I have to disagree, in the video the sound doesn't sound that bad. But I've had eurojet header with high flow cat and their exhaust system. And it made the car really loud to the point that it made long drives terrible. The power was definitely there, but I like the luxury of not hearing any droning on a long drive.


----------



## TeamZleep (Aug 28, 2007)

sleeper247 said:


> I have to disagree, in the video the sound doesn't sound that bad. But I've had eurojet header with high flow cat and their exhaust system. And it made the car really loud to the point that it made long drives terrible. The power was definitely there, but I like the luxury of not hearing any droning on a long drive.


This is why my exhaust was put back to stock. I drive too much (500miles a weekend) for a really loud exhaust. But soon it won't matter much, I'll have to upgrade.


----------



## ~kInG~ (Jun 8, 2005)

TeamZleep said:


> This is why my exhaust was put back to stock. I drive too much (500miles a weekend) for a really loud exhaust. But soon it won't matter much, I'll have to upgrade.


maybe this would help...










link >>> http://www.dynomax.com/mufflers.php?muffler=vt


----------



## TeamZleep (Aug 28, 2007)

This should help with keeping it quiet...


----------



## ~kInG~ (Jun 8, 2005)

mucho better!!!


----------



## thygreyt (Jun 7, 2009)

Lol, the car is actually very pleasant to drive...

I drove 14 hrs to h2o and 14 to return, no probs...


----------



## TeamZleep (Aug 28, 2007)

thygreyt said:


> Lol, the car is actually very pleasant to drive...
> 
> I drove 14 hrs to h2o and 14 to return, no probs...


Don't get me wrong, it sounds great, I just have to keep things a bit quiet, I have a little one who goes for joy rides with me.


----------



## sleeper247 (Oct 2, 2009)

wait. you have a jetta right?

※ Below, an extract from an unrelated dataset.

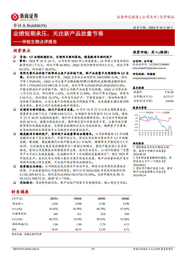 华恒生物(688639):点评报告:业绩短期承压,关注新产品放量节奏
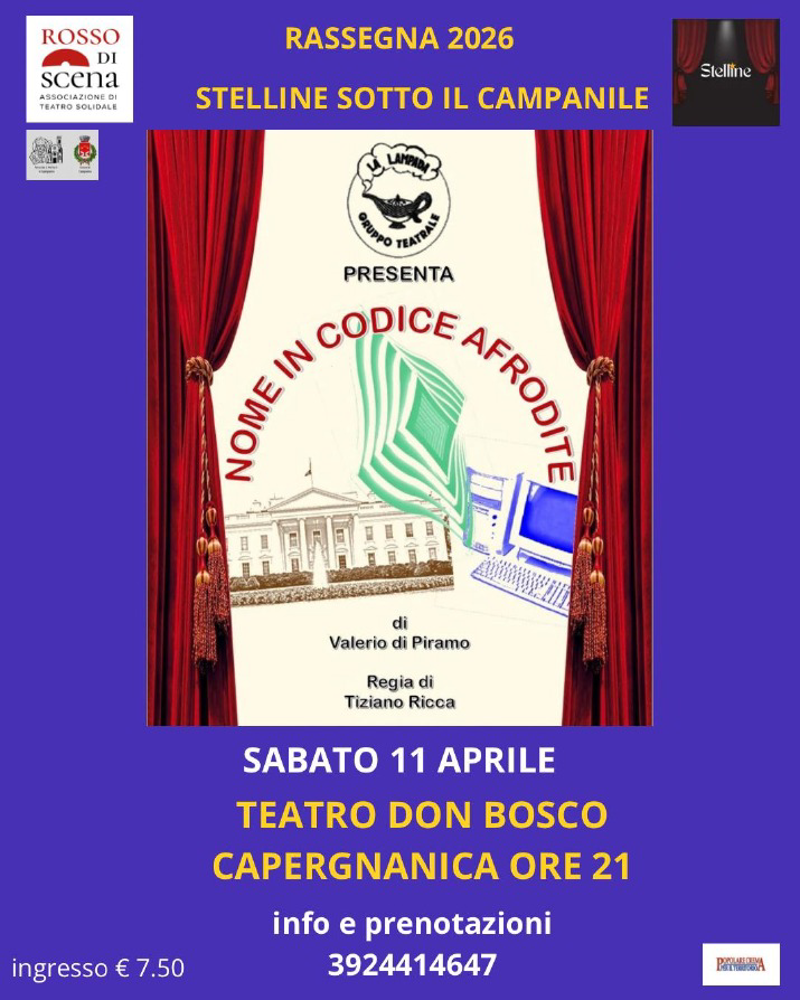 Torna sabato prossimo, nel teatro Don Bosco, la rassegna Stelline sotto il campanile. Sul palcoscenico del teatro, dalle ore 21, la compagnia La Lampada di Pompiano in scena Nome in codice Afrodite, di Valerio di Piramo, per la regia di Tiziano Ricca. "Nome in codice Afrodite" è una commedia brillante che ruota attorno a Jacopo Cirulli, un informatico che lavora da casa assistito da Alexa, un'intelligenza artificiale.

I guess its different since I have a rabbit.


----------



## sleeper247 (Oct 2, 2009)

~kInG~ said:


> maybe this would help...
> 
> 
> 
> ...


that muffer sure is tempting. But I think i'll be happy with a turbo with my stock exhaust.


----------



## enginenerd (Oct 20, 2010)

Running a stock exhaust usually cripples a turbo quite a bit- both power and lag. 

I'm tempted to buy one of those VT mufflers and check the pressure drop across it versus a standard magnaflow etc.


----------



## sleeper247 (Oct 2, 2009)

enginenerd said:


> Running a stock exhaust usually cripples a turbo quite a bit- both power and lag.
> 
> I'm tempted to buy one of those VT mufflers and check the pressure drop across it versus a standard magnaflow etc.


humm....I guess I'll just keep it the way it is.


----------



## [email protected] (Jan 2, 2009)

The turbo will quiet it down a little anyways if you keep the same cat-back. :thumbup:


----------